An Empirical Study of Graphormer on Large-Scale Molecular Modeling
Datasets
- URL: http://arxiv.org/abs/2203.06123v2
- Date: Mon, 14 Mar 2022 08:25:50 GMT
- Title: An Empirical Study of Graphormer on Large-Scale Molecular Modeling
Datasets
- Authors: Yu Shi, Shuxin Zheng, Guolin Ke, Yifei Shen, Jiacheng You, Jiyan He,
Shengjie Luo, Chang Liu, Di He, Tie-Yan Liu
- Abstract summary: "Graphormer-V2" could attain better results on large-scale molecular modeling datasets than the vanilla one.
With a global receptive field and an adaptive aggregation strategy, Graphormer is more powerful than classic message-passing-based GNNs.
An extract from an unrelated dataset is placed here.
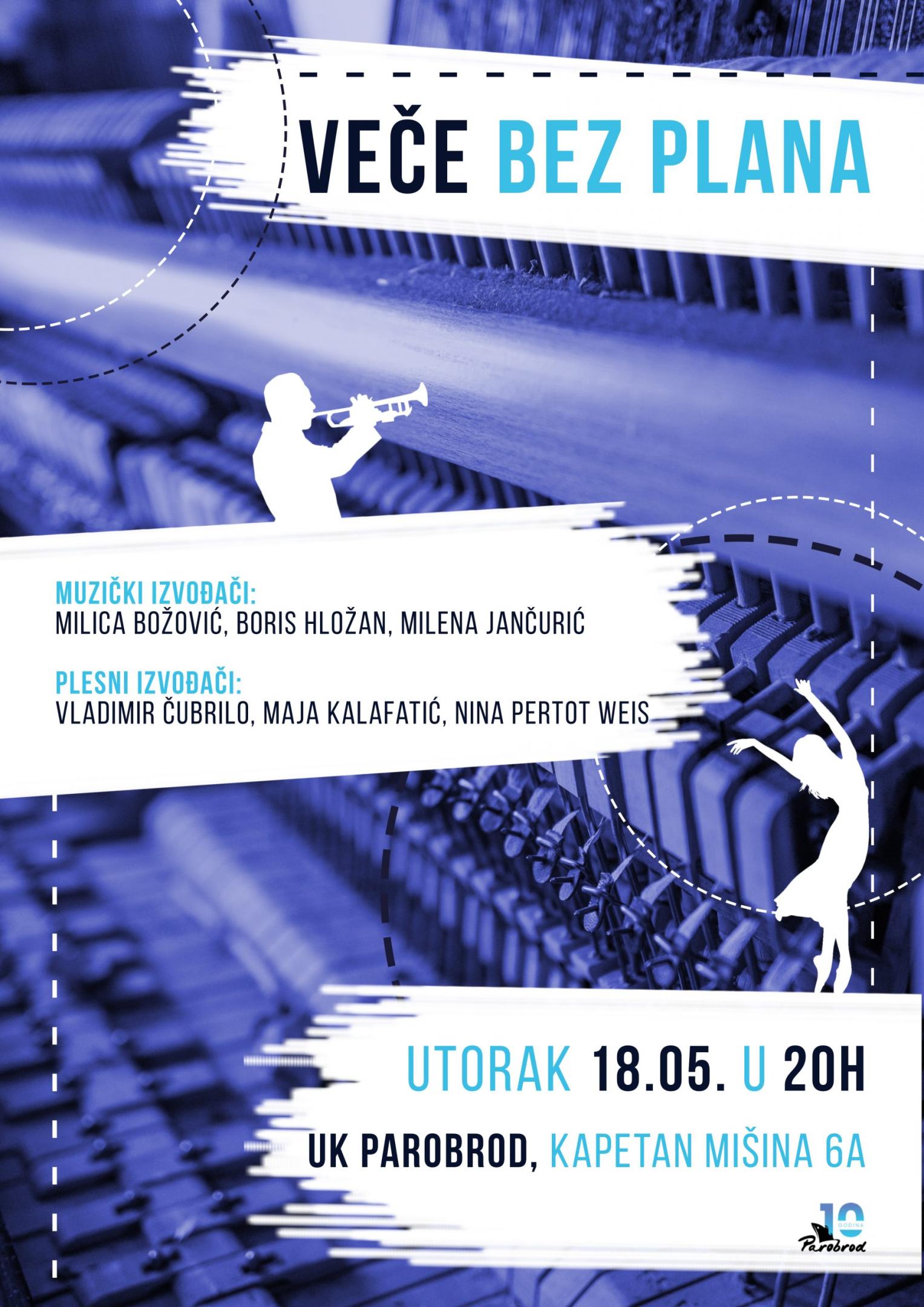 Maj je za jazz. U prvom izdanju ''Veče bez plana'' ujedinjuju se jazz muzičari i plesači. Slušaćemo Milicu Božović na kontrabasu, Milenu Jančurić na flauti i Borisa Hložana na gitari. Biće ovo jedna jazz mućkalica uz izvođače iz oblasti savremenog plesa. Vladimir Čubrilo i Maja Kalafatić uz gošću iz Slovenije Ninu Pertot Weis.
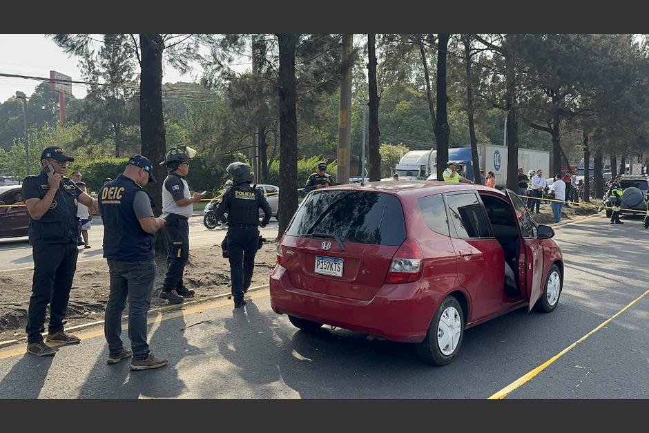 La balacera se produjo cuando el vehículo de color rojo con placas P-157KTS circulaba por el Anillo Periférico y 25 avenida de la zona 11 capitalina, la tarde de este 14 de mayo.

- Score: 87.00711479972503
- License: http://creativecommons.org/licenses/by-nc-sa/4.0/
- Abstract: This technical note describes the recent updates of Graphormer, including
architecture design modifications, and the adaption to 3D molecular dynamics
simulation. The "Graphormer-V2" could attain better results on large-scale
molecular modeling datasets than the vanilla one, and the performance gain
could be consistently obtained on downstream tasks. In addition, we show that
with a global receptive field and an adaptive aggregation strategy, Graphormer
is more powerful than classic message-passing-based GNNs. Graphormer-V2
achieves much less MAE than the vanilla Graphormer on the PCQM4M quantum
chemistry dataset used in KDD Cup 2021, where the latter one won the first
place in this competition. In the meanwhile, Graphormer-V2 greatly outperforms
the competitors in the recent Open Catalyst Challenge, which is a competition
track on NeurIPS 2021 workshop, and aims to model the catalyst-adsorbate
reaction system with advanced AI models. All models could be found at
\url{https://github.com/Microsoft/Graphormer}.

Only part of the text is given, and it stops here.